Чтобы остановить наркотическую реку на дальних подступах, Франция и Великобритания участвуют в международных проектах для Кыргызстана; по их подсчетам, это экономически выгодно. Сократятся затраты на лечение будущих больных. Россия, куда идут две трети (по другим оценкам, 90%) киргизского опия, в этих проектах не участвует. Полковник Зеличенко, теперь международный координатор антинаркотиковой программы ООН "Ошский узел": "В Москве на уровне практиков все за совместные действия. Когда требуется политическое решение – все гаснет".

Метод стекольщика Чарли

"Клиника и профилактика гашишизма" – называлась докторская диссертация А.Дурандиной.
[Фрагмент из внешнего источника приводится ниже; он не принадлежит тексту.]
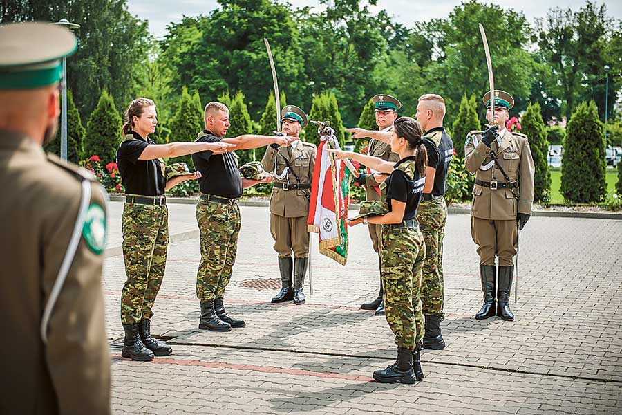 To rekordowo duża liczba osób, które wstąpiły w szeregi NOSG. Uroczystą zbiórkę zorganizowano w asyście pocztu sztandarowego oraz w obecności kadry kierowniczej NOSG. Rotę ślubowania odczytał zastępca Komendanta Nadbużańskiego Oddziału Straży Granicznej – płk SG Tomasz Zybiński, a błogosławieństwa nowym funkcjonariuszom udzielili: ks. ppłk Mariusz Antczak – proboszcz parafii św. Kazimierza w Chełmie oraz dziekan prawosławny SG ks. ppłk SG Adam Weremijewicz. (opr. mo, fot. NOSG)

Защищенная во Фрунзе (Бишкеке) в 1969 году, эта фундаментальная работа больше четверти века оставалась засекреченной. Тем не менее она подняла республику на уровень серьезных центров наркологии. Здесь возникает собственная школа лечения. Как не вспомнить грустного стекольщика Чарли из старого чаплинского фильма. Стекольщик бредет по безлюдной улице с юным спутником, мальчишка разбивает окна домов, а его безработный друг предлагает услуги.

Наркотизация киргизского населения растет: пять лет назад на сто тысяч человек приходилось около четырех наркоманов, сегодня – больше двадцати. Особенно много подростков. Через пять лет вся молодежь может быть вовлечена в наркоманию, считает Л.Лобунец, заместитель главного врача Республиканского наркологического центра. По бедности здесь принимают больных с их лекарствами. Нагрузка на врача – до тридцати человек, заработная плата эквивалентна двадцати пяти долларам в месяц. Здесь лечатся малоимущие "забытые киргизы". В республике больше половины населения – бедняки. В этих условиях власти пошли на создание Подросткового консультативного профилактического центра; его методики, по заключению специалистов ООН, не имеют аналогов в Европе. Оборудованием помогает Фонд "Сорос-Кыргызстан".

Вероятно, местным властям, как это бывает, знакомо чувство ревности к частной медицине, которая побогаче и оснащена лучше государственной. Но в Бишкеке ей не мешают, стараются не мешать, придерживаясь мудрости соседей-китайцев: пусть расцветают сто цветов.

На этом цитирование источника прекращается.